As for the test vectors I'd recommend using every potential combination of two nodes a and b:

In the case of BST trees you have 3 types of nodes:

  1. leaf node,
  2. 1-child node,
  3. 2-children node.

in combination with the following additional cases:

  1. a is root, or
  2. a is the parent of b,
  3. a is not the parent of b.

and their combinations as well (also in the symmetric situation).

then after swapping you'll need to check all the nodes involved i.e.: a,b, children of a and b, parents of a and b if everything went as planned.

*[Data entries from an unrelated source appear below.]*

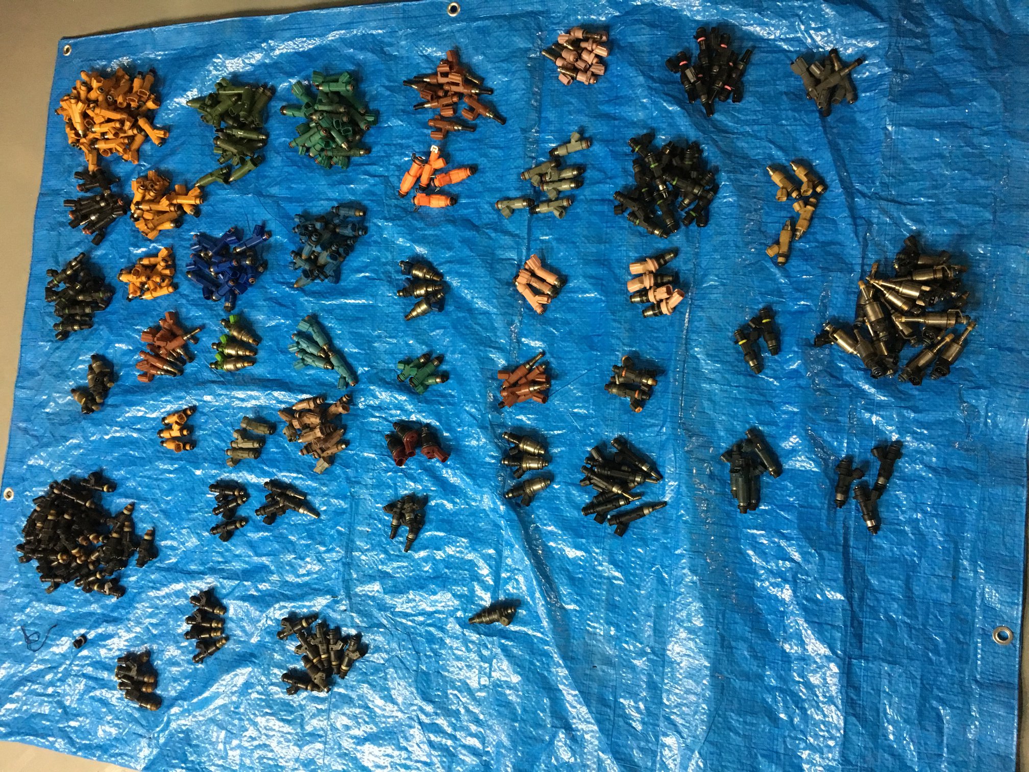 写真のインジェクターは、リビルトエンジンを扱われている企業様から、定期的に買い取りをしているもので、ちょうど仕分けが終わったところを写真に収めました。
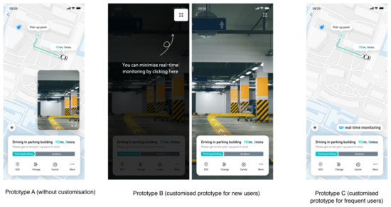 In Experiment 2, three prototypes were used for testing in the smartphone and HMI. Prototype A considered a generic interface designed without customised solutions, while Prototype B and C were customised for new and frequent users, respectively, offering different explanatory strategies (see Figure 7). The smartphone application prioritizes a map display for users to quickly track journey progress, with all prototypes showing the driving status during vehicle wait times. In the case of any abnormal issues, the system presents a safety alert.
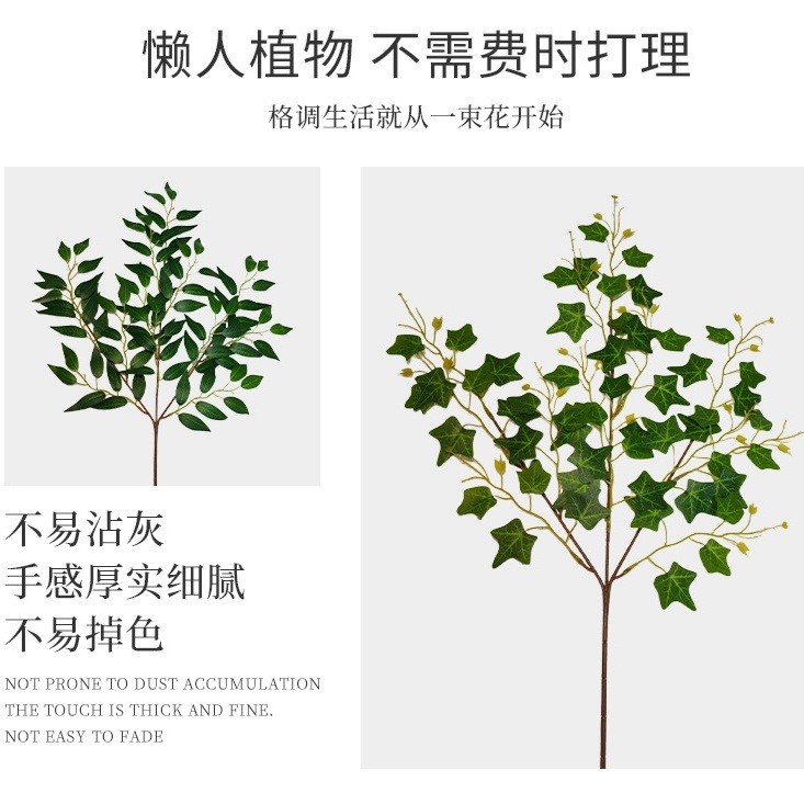 仿真尤加利叶柳叶地瓜叶爱心叶3叉13目平面支森系客厅家居插花
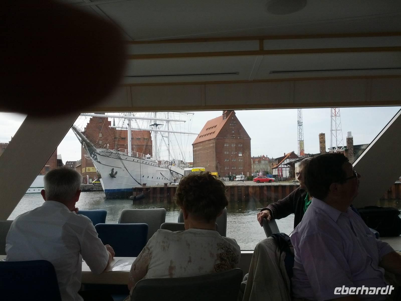Nach der Betrachtung Stralsunds seeseitig, fahren wir zum Abendessen ins Hotel.
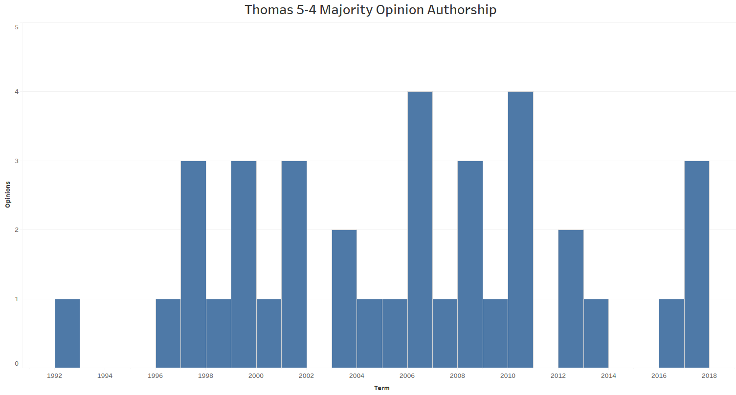Keeping the focus on Thomas for a minute, the greatest number of 5-4 decisions he wrote in a previous term was four in 2006 and in 2010. If he writes another 5-4 majority opinion out of the court’s remaining 20 decisions, he will have written five 5-4 majority opinions for the first time in his 28 terms on the court.

I'd do that using a small tree that contains all the types of nodes. Then go through all possible combinations of the nodes and swap the nodes and check against the expected outcome, and then swap again to bring the tree back to its original state.

[ EDIT ]

If your question was how to avoid all the tedious work. You may consider looking for some well established BST implementation and compare results with your function. Vectors can be created automatically by using a prepared tree and generating all possible pairs of nodes of this tree.

[/EDIT]

As for the unwanted input to the function. You'll need to use your imagination although in my opinion you have most of the cases covered. Except the one that Austin Hastings mentions where at least on of the input nodes does not belong to the tree.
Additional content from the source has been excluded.